Your contention is that they could avoid this "if they wanted to". To avoid this, they would need twice as much manufacturing capacity, which would be very costly, and after the initial rush of orders, they would not need anywhere near as much capacity.
Therefore, they would have to spend an exorbitant amount of money in order to speed delivery to the early users by 2-3 weeks, and then have that expensive manufacturing capacity lie fallow until the next refresh. Plus, as has been pointed out several times, there is the cachet of desirability indicated by stock selling out.
So yes, entirely in their hands, except they aren't morons who would bankrupt the company building unnecessary capacity.

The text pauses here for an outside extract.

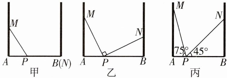 12 [应用意识][2025无锡新吴区期中]盼盼家新装修了房子,如图是其中的三个房间甲、乙、丙,她将一个梯子斜靠在墙上,梯子顶端距离地面的垂直距离记作MA,如果梯子的底端P不动,顶端靠在对面墙上,此时梯子的顶端距离地面的垂直距离记作NB.

Unless you wanted a blue one, in which case you had to wait for the supply chain to ramp up. Oh snap.
Re: Every time
But EVERY TIME they release and iphone it happens and you would have thought they would have learnt by now how many they need to produce.
By your logic, they should delay the launch until they have produced enough inventory to cover all potential sales of the phone, sitting on hundreds of millions of dollars worth of stock whilst it depreciates in value and consumers buy competitors phones.
They announce as soon as they have the supply chain in place to produce a steady stream of phones. Anything else would be stupid.
Re: Good Thing
Why is it in consumers interest that the only OS available for phones in Asia is that delivered by an ad broker?
People so ingrained to "Apple = EVIL, Google = GOOD" that when something comes up to contradict that, they have to pervert it so that it is a positive.
Google shutting down competition is not good for consumers. You've argued long enough that Apple shutting down competition is not good for consumers, so why when Google do it is it "in consumers interests"?
You are assuming that the alleged 1.1% of users affected are distributed evenly throughout the world. If the fault affected users in specific geographical locations, then the probability that a sample of 4 people from that area would all be affected would actually be more likely.
It's not really a fail though, all journos make the same mistake with statistics.
The novel part of this patent is having your phone digitize your voice, transmit it to a central server which determines what you said, determines actions, and then sends them to a different device in order to operate it.
That's what the youtube video shows is it?
PS: You're foaming a bit at the mouth.